O artigo é do teólogo italiano Andrea Grillo, professor do Pontifício Ateneu Santo Anselmo, em artigo publicado em Come Se Non, 24-05-2020. A tradução é de Moisés Sbardelotto.

 

Eis o artigo.

 

O tempo da pandemia acelerou formas novas e antigas de experiência e de exercício da autoridade, que levaram a uma nova “polarização” das opiniões.

 

Recentemente, duas intervenções trouxeram à tona, com grande força, essa condição “extremizada” de percepção e de elaboração do problema.
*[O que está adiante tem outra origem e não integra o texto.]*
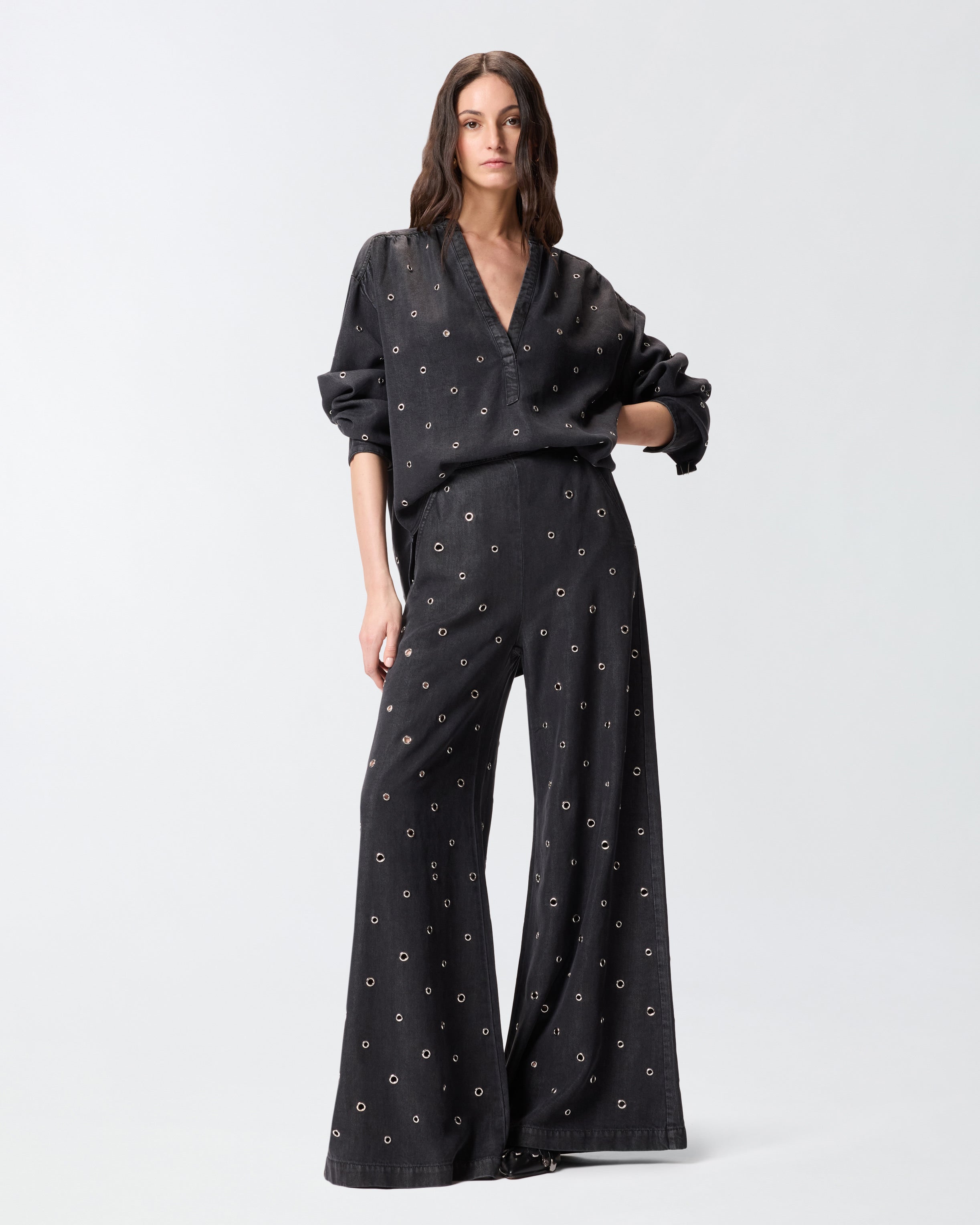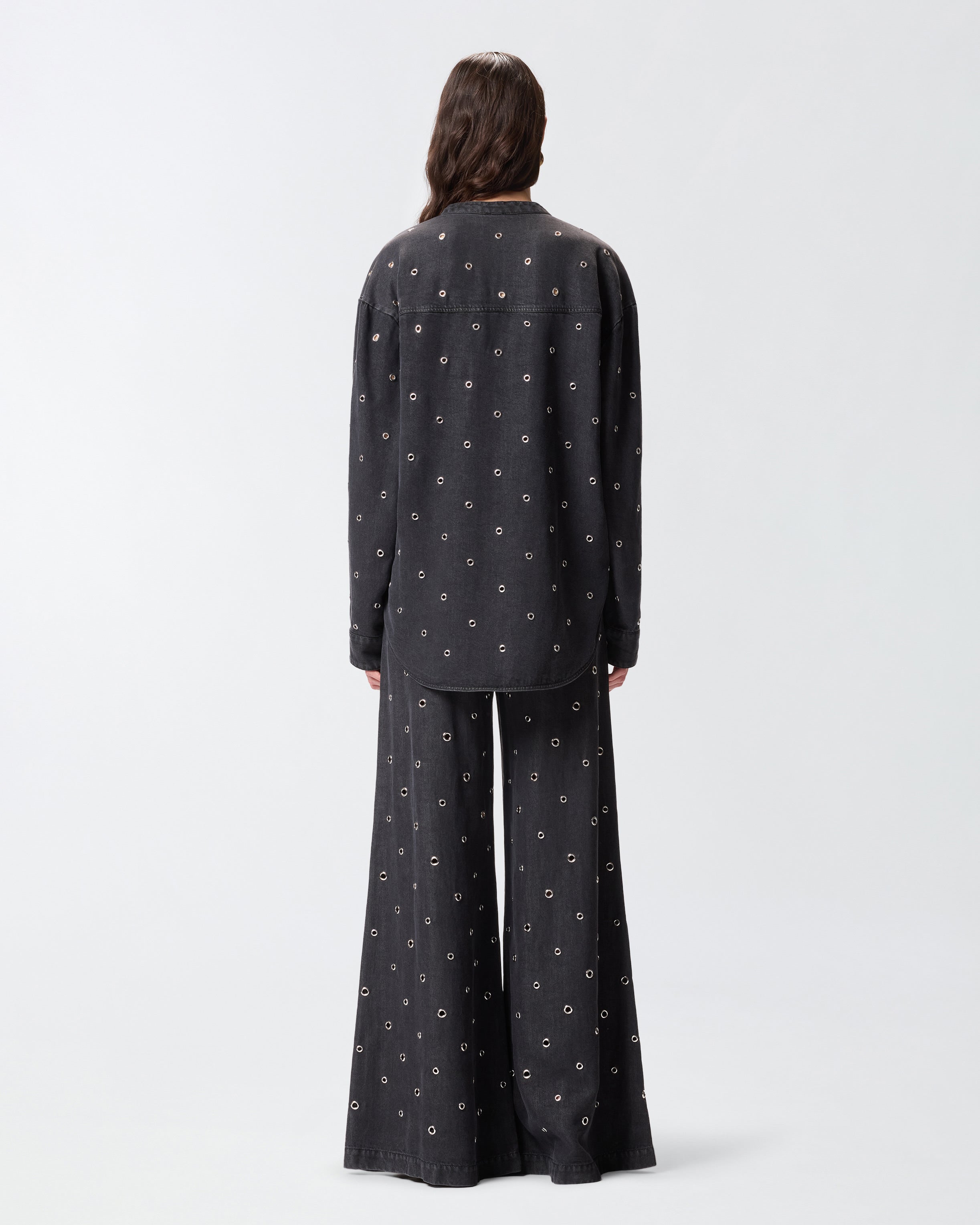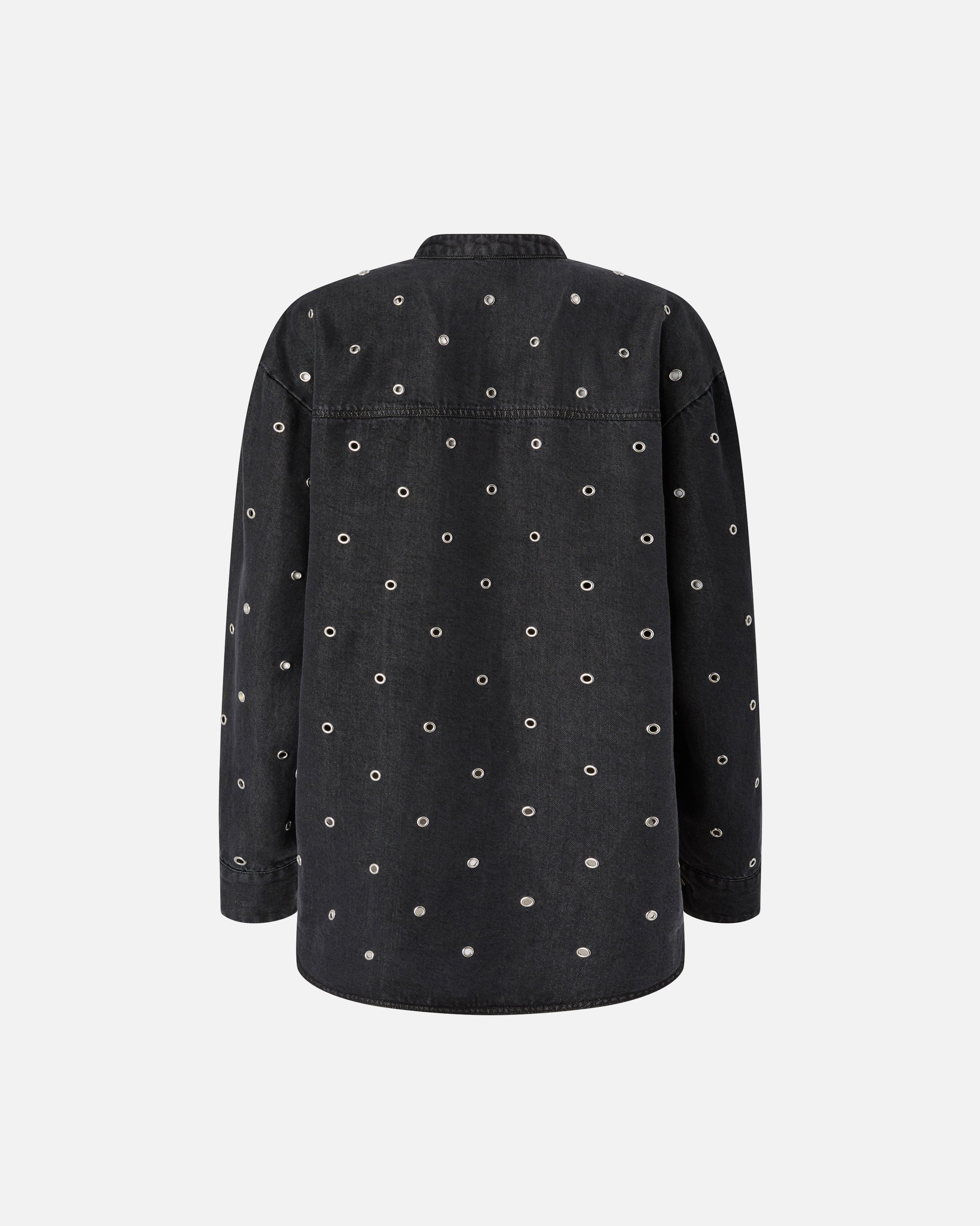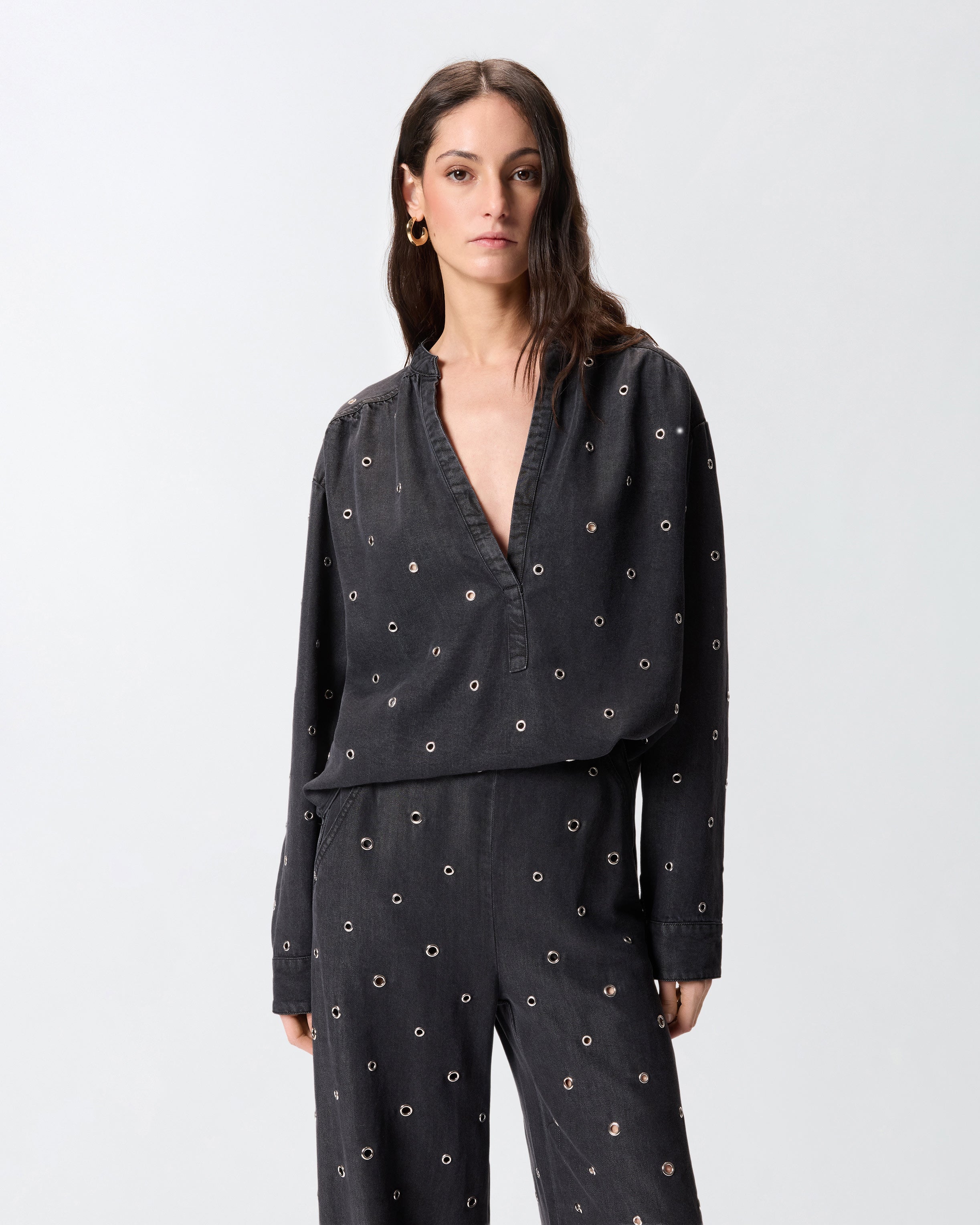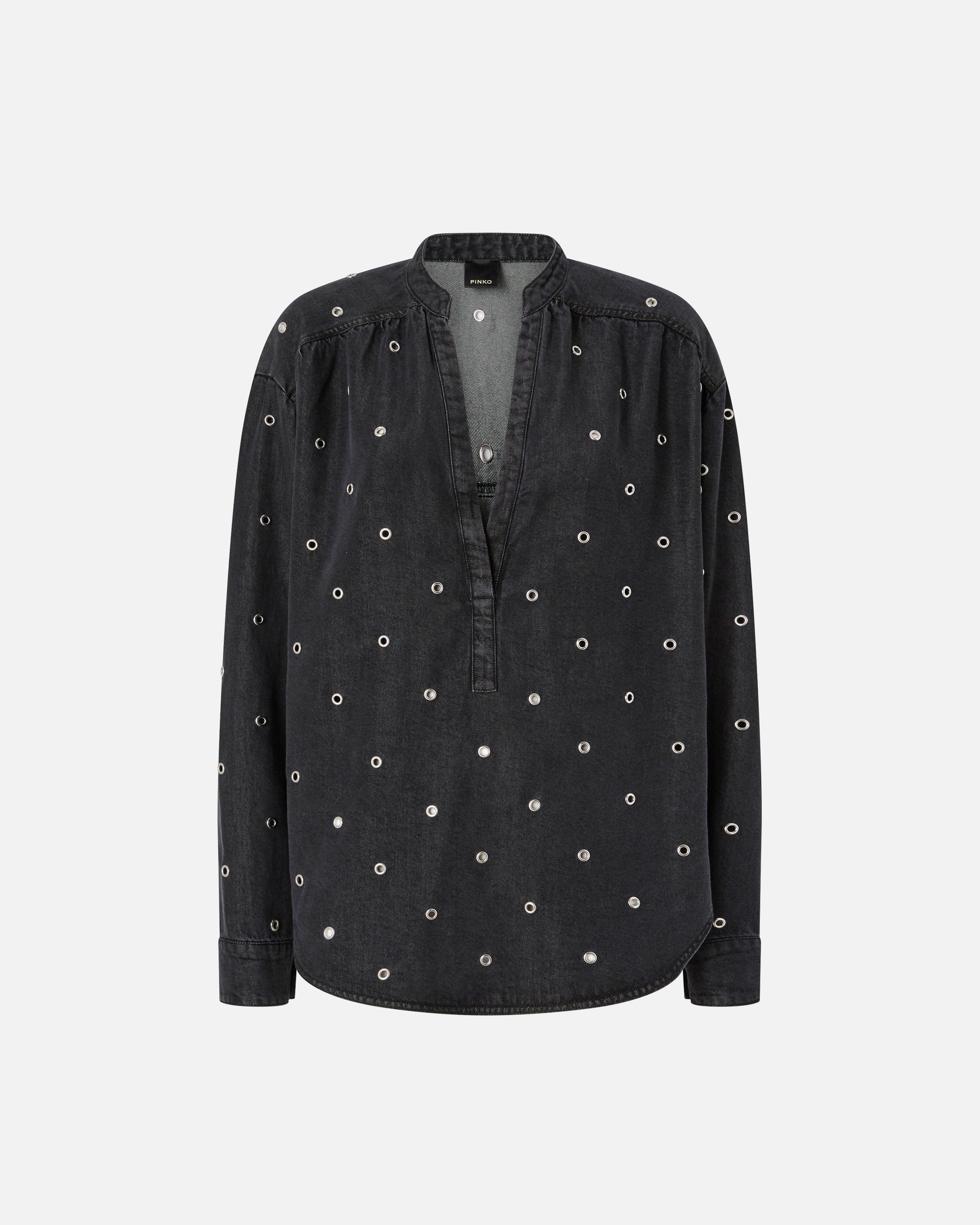 Blusa de corte holgado con manga larga, bajo redondeado y cuello mao que se abre en un escote de pico pronunciado. El modelo se caracteriza por su particular confección: el tejido denim de puro lyocell ligero y fluido presenta un lavado oscuro con detalles ligeramente descoloridos y está decorado íntegramente con pequeños ojales metálicos que crean un sutil efecto perforado. Haz que tu look de día sea original y declarativo combinando la blusa con unos pantalones clásicos o vaqueros. - BELLICOSO BLOUSE
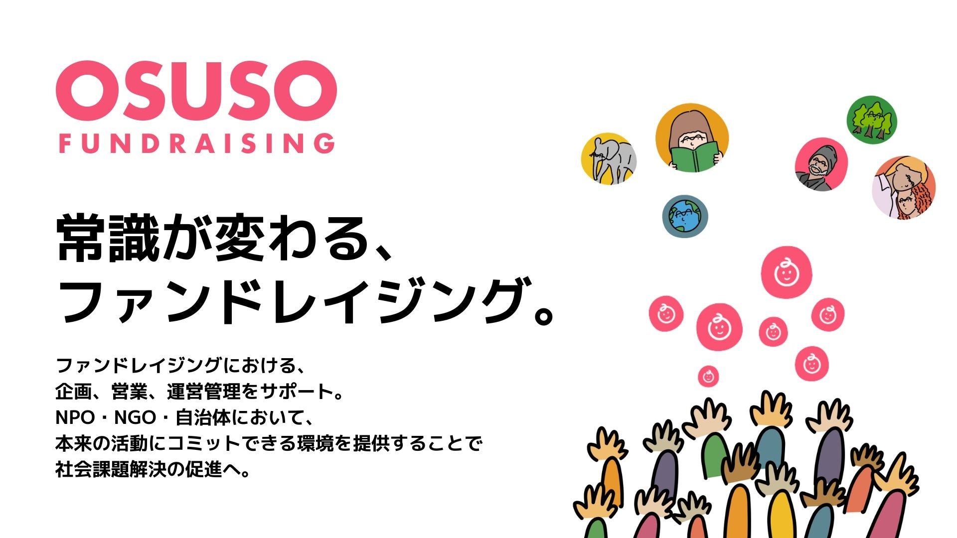 現在OSUSOでは、NPO・NGO向けのサービス「OSUSO FUNDRAISING(おすそ ファンドレイジング」、企業向け従業員参加型SDGsサービス「OSUSO CLUB(おすそクラブ)」を展開しています。
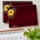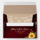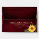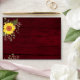 Elegant, country, botanical, rustic barn wood burgundy 5x7 envelope for wedding invitations with return address, sunflowers and string lights.
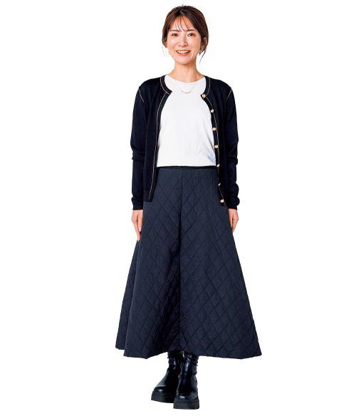 ベルト[95㎝]¥11,000(レフィエ/フラッパーズ)ジレ¥23,100ニット¥12,100(ともにMIESROHE/MIESROHE ルミネ新宿1店)スカート¥41,800(ソブ/フィルム)バッグ¥12,650(アルテミス by ダイアナ/アルテミス by ダイアナ アーバンドックららぽーと豊洲店)ブーツ¥29,700(ダイアナ/ダイアナ 銀座本店)ピアス¥8,470(エティカ/ZUTTOHOLIC)
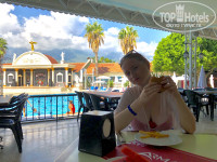 На пляже работает бар(вода, кола, фонта, спрайт, соки, чай, кофе, горячий шоколад, пиво и все такое , и так же там открывается снек-бар ближе к обеду( фри/гамбургеры)
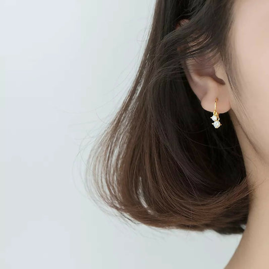 ANYCO Fashion Earrings Gold Sterling Cute Opal Zircon Chic Mini Small Stud Women Simple Ear Bone Piercing Jewelry
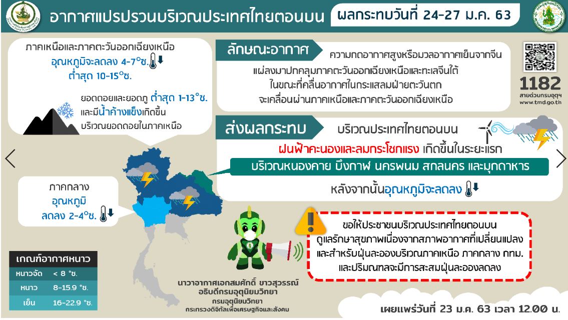 ในช่วงวันที่ 24-27 มกราคม 2563 ประเทศไทยตอนบนจะมีฝนฟ้าคะนองกับลมกระโชกแรงเกิดขึ้นในระยะแรก บริเวณจังหวัดอุดรธานี หนองคาย บึงกาฬ นครพนม สกลนคร และมุกดาหาร หลังจากนั้นวันที่ 26-27 มกราคม 2563 อุณหภูมิจะลดลง โดยภาคเหนือและภาคตะวันออกเฉียงเหนืออุณหภูมิจะลดลง 6-8 องศาเซลเซียส กับมีอากาศหนาว อุณหภูมิต่ำสุด 10-15 องศาเซลเซียส ส่วนยอดดอยและยอดภูมีอากาศหนาวถึงหนาวจัดอุณหภูมิต่ำสุด 1-13 องศาเซลเซียส และมีน้ำค้างแข็งเกิดขึ้นบริเวณยอดดอยในภาคเหนือ
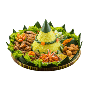 Tumpeng nasi kuning dengan varian lauk seperti ayam goreng, sambal goreng kentang, tempe bacem, telur dadar tipis, perkedel, sayur urapan, lalapan, sambal, cocok untuk 25 orang.Tambah ke keranjang

Por um lado, Giorgio Agamben, em uma série de intervenções iniciadas desde fevereiro, identifica a “autoridade” como inautenticidade e renuncia aos direitos do cidadão, do estudante e dos professores: até identificar, em um recente texto, a disponibilidade dos professores às “aulas a distância” com a ‘expressão de fidelidade ao regime fascista” de 1931.

 

Do lado oposto, Marcello Neri, em um texto do dia 22 de maio, adverte contra o “consumismo dos direitos”, que corrói todo “corpo intermediário” entre o sujeito dos direitos e a fonte pública dos deveres, tornando os próprios direitos tão viscerais quanto precários e autolesivos.

 

Acredito que, para além dos tons e das afirmações decididamente discutíveis que esses fronts apologéticos podem apresentar de vez em quando – e que, neste caso, ameaçam sobretudo o texto de Agamben –, trata-se de duas posições extremas, que solicitam uma reconsideração da relação entre autoridade e liberdade, e que tocam profundamente a própria forma da vida moderna e pós-moderna.

 

A fé também é instada a refletir diante das antigas questões que a condição de pandemia, repentinamente, trouxe de volta à tona e à singular urgência.

 

1. O inesperado e o incompreendido irrompem

 

O espaço vital se contraiu, a dimensão de clausura tornou-se normal, um “fora” marcado pela proibição de aglomeração e pela proibição de saída injustificada da própria casa é percebido como uma nova e quase imemorável experiência de autoridade – que, pelas suas formas drásticas, se aproxima do “toque de recolher” bélico – e nos leva a reler com olhos diferentes o “polo” oposto ou, no máximo, recíproco à autoridade: ou seja, a liberdade, que se torna vigiada, circunscrita, esvaziada, negada e não projeta mais o seu futuro, porque não o controla.

 

O exercício dos “direitos de liberdade” do sujeito torna-se sinônimo de risco, para si e para os outros. Não será, talvez, precisamente pelo fato de que o nosso modo de ler a “autoridade” se tornou tão simplificado nos últimos dois séculos que hoje custamos tanto a redescobrir as diversas formas com que a “autoridade” nos fala em todo este caso?

 

2. A vida não se deixa domesticar demais

 

Tentemos identificar bem a questão da autoridade. Poderíamos dizer que o “senso comum” identifica por autoridade aquela força, aquele poder, aquela palavra que tem a característica de “se impor”. E que se impõe tendo sempre uma relação direta com a possibilidade de infligir uma sanção. O “monopólio da violência” é uma das características da autoridade. Essa noção de autoridade foi construída de acordo com uma evidência política nova: a autoridade é exterior à liberdade, é o seu limite externo. É “outro de mim”.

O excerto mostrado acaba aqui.